Music Psychology Data Challenge 1

This is an internal training exercise for the Durham Music and Science Music Psychology Lab, where all members—working individually or in small groups—are invited to develop models that explain data in a reliable and robust way. We assume that most participants have a basic understanding of statistics and are familiar with constructing regression models, which serves as the foundation for this task.

To make the exercise more challenging and promote the acquiring better modeling principles, I have built in some inherent challenges to the task:

We have an abundance of data, particularly predictors
We lack a guiding theory to form our assumptions
We want the analyses to be transparent (notebooks or sets of codes that can run independently)

It would be also desirable to be able to explain what the model does in plain language.

Explain emotion ratings using acoustic descriptors

For this task, let’s focus on static ratings (a single aggregated mean rating for the whole excerpt) using static musical features already extracted from music using MIR tools. We have a good dataset for this.

Dataset: PMEmo – A Dataset For Music Emotion Computing

Dataset is available at https://github.com/HuiZhangDB/PMEmo and fully at http://huisblog.cn/PMEmo/. For more details, see paper by Zhang et al., (2018).

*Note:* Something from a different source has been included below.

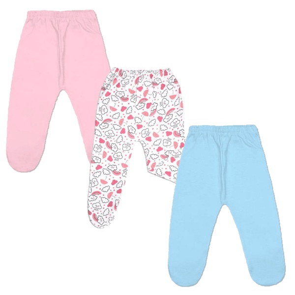 Kit Com 3 Mijão Pé Fechado Bebê Menino e Menina Sortidos e Com Pequenos Defeitos - (PP/P/M/G/1/2/3)

The data allows to explore various aspects of emotion induction, including (a) predicting arousal and valence from acoustic features, (b) predicting participants’ electrodermal activity (EDA) from continuous musical features, and (c) to explore the impact of lyrics or other data on either of these. Let’s start with the easiest task, predicting the rated emotions with acoustic features.

Loading data

To facilitate analysis and to avoid everyone downloading the full dataset (1.3 Gb), I share the minimal data in GitHub (just copy this repository).

# get static annotations
anno <- read.csv('data/static_annotations.csv',header = TRUE)
# get static acoustic features
feat <- read.csv('data/static_features.csv',header = TRUE)
# combine ratings and features (leave metadata out for now)
df <- merge(anno,feat,by="musicId")
knitr::kable(head(df[,1:7]))

musicId	Arousal.mean.	Valence.mean.	audspec_lengthL1norm_sma_range	audspec_lengthL1norm_sma_maxPos	audspec_lengthL1norm_sma_quartile1
1	0.4000	0.5750	7.318236	0.7164319	2.245124
4	0.2625	0.2875	6.558082	0.7033989	1.606873
5	0.1500	0.2000	8.152512	0.3680324	1.404577
6	0.5125	0.3500	8.527122	0.2817285	2.106767
7	0.7000	0.7250	7.756963	0.9589230	3.683783
8	0.3875	0.2250	9.172951	0.5589192	3.131285

In the dataframe df we have everything we need for the task, where the first column contains the musicId and the columns 2 and 3 are the arousal and valence mean (ratings) and the rest of the columns are individual acoustic features. Note the size of the dataset, 767 rows representing excerpts with 6376 columns representing variables (musicId,Arousal.mean., Valence.mean. and 6373 more columns with exotic names related to audio features).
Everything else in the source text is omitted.